To state the obvious, a goal is not enough to ensure your success. You need a good system, and habits of course, but you also need to choose the right metric(s) so that you can see, at any given point in time, whether you’re moving toward your goal, or not, then adjust course.

Good metrics show you two things: first, what you get. Is the money coming in? Are you lifting more weight at the gym? If yes, then your goal is undoubtedly approaching. The second way to measure progress toward your goal is by observing who you’re becoming. Are you happier? More motivated? In the flow state more often? Only metrics can answer these questions.

We restrained ourselves to ONE goal because simplicity is the best way to ensure our success. Now, choose only ONE metric you’ll use to measure the distance to your ONE goal. Are you building a business? Your one metric might be profit. Preparing for a marathon? Pairs of running shoes worn out during practice might be your yardstick. Set your metric now, and let’s move onto the last step in our recipe.

Take That First Step

All great enterprises start with one innocuous step: your first day of school, the first brick in the house, a seed planted. You literally cannot achieve anything worthwhile without tackling the smallest piece of the project, one that seems so damnably simplistic that it’s not worth mentioning. “OF COURSE I have to write the first line of code,” Zuckerberg said.

It’s easy to forget this because we compare ourselves to celebrity achievers who are already enjoying their accolades in the Halls of Greatness.

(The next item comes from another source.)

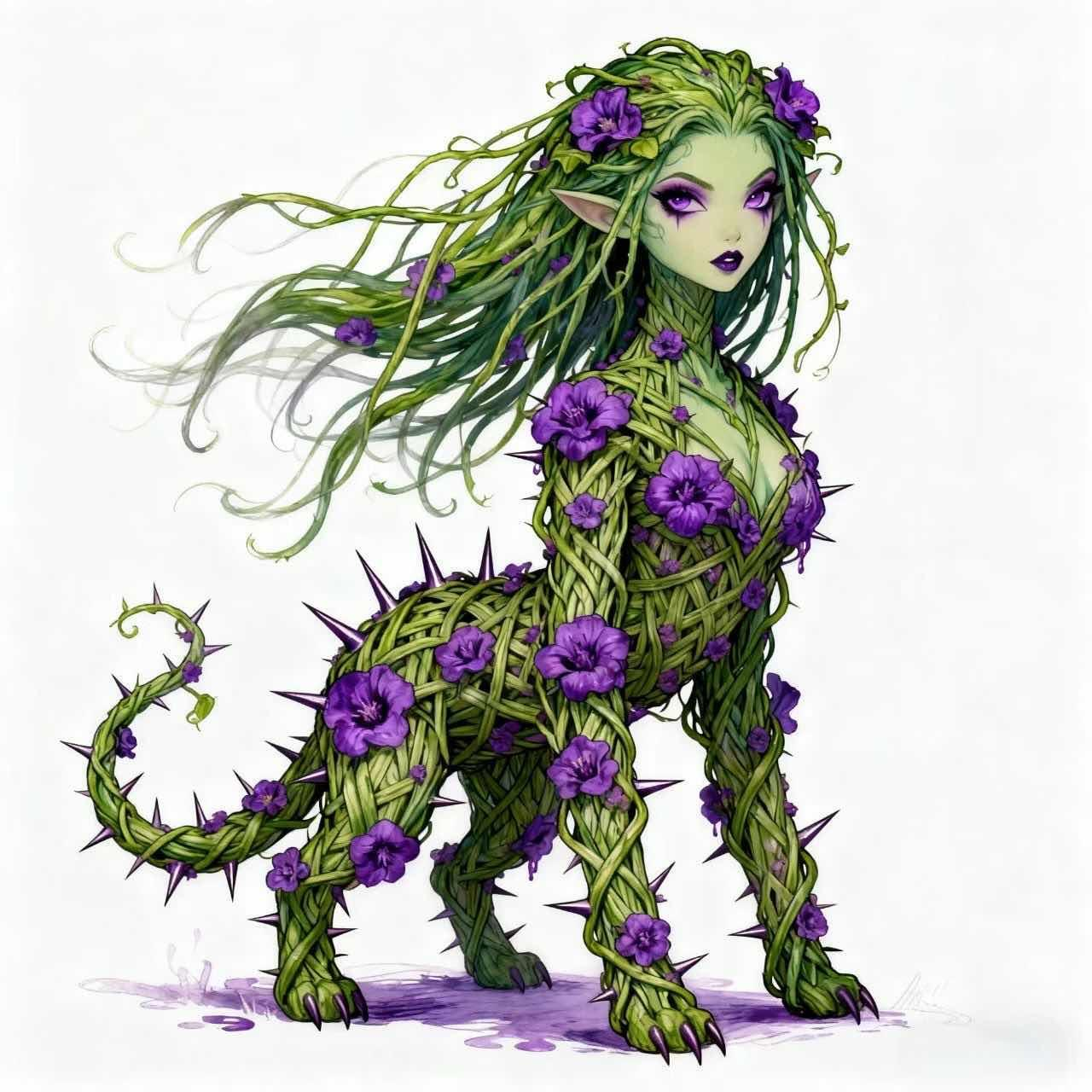 背景设定:外形像是一个由毒藤编织而成的人形生物,藤蔓之上布满艳丽的毒花和尖锐的毒刺,眼神妖媚且危险,仿佛能够看穿敌人的内心。

They tend not to broadcast, expect in brief, broad summations, their trials by fire & Ramen noodles. And the media loves to omit that these “overnight successes” were for a decade non-successes.

Take a minute to internalize this, because it will determine whether you win through to your goal or not: It’s the small steps that add up to the great results; there is no one big step that does it all.

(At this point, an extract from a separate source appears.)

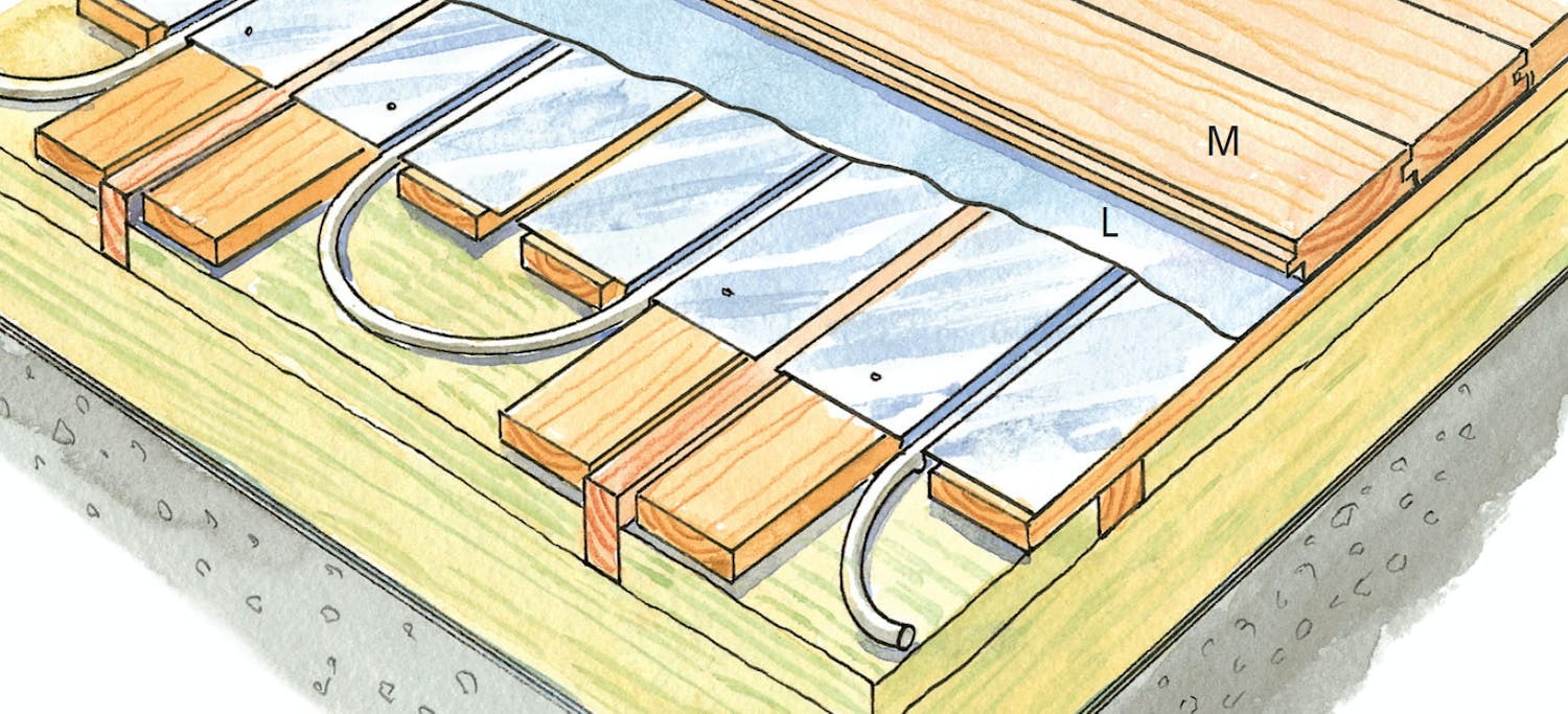 Lämmitysputket asennettiin 0,6 mm alumiinista valmistettujen lämmönjakolevyjen uriin.Lämmönjakolevyt laskettiin harvalaudoitukselle urat lautojen väliin. Käytettyjen lämmönjakolevyjen mitat olivat 280 x 1150 mm.Kuvissa ja piirroksessa nähdään, että lämmitysputkien mutkat ovat vapaana eristeen päällä, mutta käytännössä mutkien alle asennetaan lastulevyt, joihin on jyrsitty mutkien urat sekä poikittainen ura lähelle päätyreunaa, johon sijoitetaan paluuputki.

But the journey often seems impossible, doesn’t it?! That’s the voice of a little enemy called overwhelm. Overwhelm raises its shrill, whiny voice only when we try to see the project as a whole. I’m willing to bet that if Elon Musk, Mark Cuban or Sara Blakely consulted a crystal ball when starting their companies, and could see the mountain of grief that they would need to scale, they each might have said, “Forget it.”

Stop trying to hold the multitude of steps in your head at one time. To begin your journey of 1,000 miles, start with the first step. To know what that first step should be, work backwards. 

Is your one goal for this year to become your own boss? Ask, what steps come immediately before that? You’ll need some way to cover at least your basic expenses. For that, you’ll need your own business (even if that’s consulting). And the steps involved in creating your own business? Selecting a product or service, a business plan, a loan, hiring out your weaknesses.

There will be hundreds of steps; don’t try to enumerate them all, at first, just capture the big beats—the milestones. Work those backwards until you come to this moment. Your first step should be so easy that it seems juvenile. Do you have it? Do it now, even before you finish this article. 

When it’s done, the snowball will be rolling, and you can choose a second, more challenging step. Goodbye, overwhelm.

Reap the Rewards

Creating an incredible life hinges on knowing the difference between life’s trinkets and treasures, as Jim Rohn says. It requires a conscious decision about which treasures to seek, and relentless, focused pursuit.

If you’ve ever struggled with New Year’s resolutions, then this system is for you. It’s an easy recipe for maximizing your chances of reaching the ONE most important goal for your 2021.

And if you want to chase your goal in the company of like-minded achievers, check out the 1-Step Ahead Challenge, which starts in January 2021. Thousands of SUCCESS readers will sign up to walk the path beside you, so you’ll have plenty of support & accountability along the way. 

Whether you sign up for the Challenge or do this work on your own, know that the pursuit is worth it. More productivity, better relationships, and a happier life will be your rewards. 

Let’s get to it. I wish you all the best for a happy and prosperous 2021.